Data FeedsHistorical DatasetsJob Postings APIRSS API
AccessAWS Data ExchangeAWS Data ExchangeRapidAPIRapidAPI
LookbackLast 3 monthsJan. 2020 to todayLast 3 monthsLast 3 months
Output formatJSON Lines (.json.gz)JSON Lines (.json.gz)JSON (default), CSV, RSS, ATOM, XML, ParquetRSS 2.0
BillingPer country subscriptionPer country purchasePer request (10 jobs each)Per request (10-1000 jobs each)
Best forBulk ETL, recurring ingestion pipelinesHistorical analysis, ML training data, one-off researchReal-time queries, filtering, analytics, job board feedsHosted job boards consuming RSS (jBoard, NiceBoard, ...)
Field referenceThis pageThis pageJob API OverviewJob API Overview

1.2 How to Subscribe

Data Feeds and Historical Datasets are available through AWS Data Exchange.
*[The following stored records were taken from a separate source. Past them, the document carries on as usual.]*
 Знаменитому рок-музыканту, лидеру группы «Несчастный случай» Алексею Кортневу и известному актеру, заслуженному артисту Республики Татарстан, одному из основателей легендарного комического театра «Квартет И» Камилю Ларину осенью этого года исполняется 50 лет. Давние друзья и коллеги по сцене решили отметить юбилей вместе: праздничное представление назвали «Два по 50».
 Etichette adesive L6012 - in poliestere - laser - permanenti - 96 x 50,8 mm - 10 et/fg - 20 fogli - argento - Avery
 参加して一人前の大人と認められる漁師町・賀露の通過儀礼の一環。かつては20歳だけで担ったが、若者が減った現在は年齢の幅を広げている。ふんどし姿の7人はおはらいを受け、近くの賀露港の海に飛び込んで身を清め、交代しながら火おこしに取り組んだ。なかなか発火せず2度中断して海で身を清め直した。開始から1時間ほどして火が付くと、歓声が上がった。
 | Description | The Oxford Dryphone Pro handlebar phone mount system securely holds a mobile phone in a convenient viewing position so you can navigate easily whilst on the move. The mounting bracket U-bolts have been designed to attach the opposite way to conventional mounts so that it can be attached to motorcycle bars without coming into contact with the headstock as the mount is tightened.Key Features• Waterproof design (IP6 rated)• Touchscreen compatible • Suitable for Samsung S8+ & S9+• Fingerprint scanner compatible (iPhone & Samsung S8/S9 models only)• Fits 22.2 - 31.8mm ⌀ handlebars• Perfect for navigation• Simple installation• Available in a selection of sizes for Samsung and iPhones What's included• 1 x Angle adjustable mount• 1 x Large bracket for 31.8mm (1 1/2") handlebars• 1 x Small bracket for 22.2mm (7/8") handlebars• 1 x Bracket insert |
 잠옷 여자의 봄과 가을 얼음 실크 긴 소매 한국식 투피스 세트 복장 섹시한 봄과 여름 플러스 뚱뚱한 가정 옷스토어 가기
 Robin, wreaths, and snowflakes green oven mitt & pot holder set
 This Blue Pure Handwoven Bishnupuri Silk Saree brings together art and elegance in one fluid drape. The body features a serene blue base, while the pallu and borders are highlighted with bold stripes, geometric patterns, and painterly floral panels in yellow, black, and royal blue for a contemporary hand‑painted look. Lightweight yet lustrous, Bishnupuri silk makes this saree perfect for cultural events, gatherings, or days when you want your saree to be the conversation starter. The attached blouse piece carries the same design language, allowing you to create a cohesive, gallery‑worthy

Payment is securely handled by AWS and billing is consolidated into your existing AWS account - no separate vendor contract or credentials needed. Once subscribed, new daily files appear automatically in an S3 bucket alias in your own AWS account, ready to pull into any S3-compatible pipeline.
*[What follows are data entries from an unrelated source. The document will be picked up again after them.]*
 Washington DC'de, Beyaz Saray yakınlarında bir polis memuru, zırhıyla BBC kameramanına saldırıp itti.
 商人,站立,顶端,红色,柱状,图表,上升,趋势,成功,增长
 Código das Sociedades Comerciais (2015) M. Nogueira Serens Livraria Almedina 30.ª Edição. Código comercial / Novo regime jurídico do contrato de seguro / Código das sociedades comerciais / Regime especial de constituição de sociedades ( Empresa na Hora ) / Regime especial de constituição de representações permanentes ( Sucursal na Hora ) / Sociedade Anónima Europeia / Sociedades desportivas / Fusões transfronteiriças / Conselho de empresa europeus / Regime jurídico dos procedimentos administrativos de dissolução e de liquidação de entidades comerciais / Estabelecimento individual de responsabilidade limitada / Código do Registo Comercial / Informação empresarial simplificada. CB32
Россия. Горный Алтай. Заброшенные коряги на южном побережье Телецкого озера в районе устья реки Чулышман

  1. Browse the listings: Visit the Techmap seller profile on AWS Marketplace and choose the country or region you need.
  2. Subscribe: Choose a Job Data Feed (last 3 months) or purchase a Historical Dataset (Jan. 2020 to today) for a country. For multi-country bundles contact us.
  3. Pull files from S3: After subscription, AWS Data Exchange grants you read access to the S3 bucket where the daily files can be accessed and new daily files appear automatically. Use the AWS CLI, boto3, or any S3-compatible tool to pull them into your pipeline.

Test for free: The Luxembourg job dataset is available at no cost and contains approx. 250k postings starting January 2020, growing by roughly 10k records per month.

2. File Format & Delivery

The data files are gzip-compressed JSON Lines - one file per country per day. Each line in the decompressed file is a self-contained JSON object representing one job posting. After decompression the JSON can be easily used in Python, Java, Spark, DuckDB, and BigQuery external tables.

2.1 File Structure

Files are named by country code and date: techmap-jobs_{countryCode}_{date}.json.gz. For example, the US feed for 2026-06-06 would be techmap-jobs_us_2026-06-06.json.gz. Country codes follow the ISO 3166-1 alpha-2 standard used throughout the dataset (Exceptions: use "uk" instead of "gb", "gr" instead of "el", and "##" for remote).

Each JSON object in the file maps to the export schema documented in Section 3. Nested fields use dot-notation keys in the schema reference (e.g., salary.*, company.*) but are stored as actual nested objects in the JSON.

Note on field completeness: Not all fields are populated for every posting. The % Populated column in the data dictionary shows how frequently each field appears. Fields like salary.* (~23%) and contact.* (~31%) are sparse.

2.2 Code Examples

Read and iterate a JSON Lines file (Python)

import gzip
import json

filename = "techmap-jobs_us_2026-06-06.json.gz"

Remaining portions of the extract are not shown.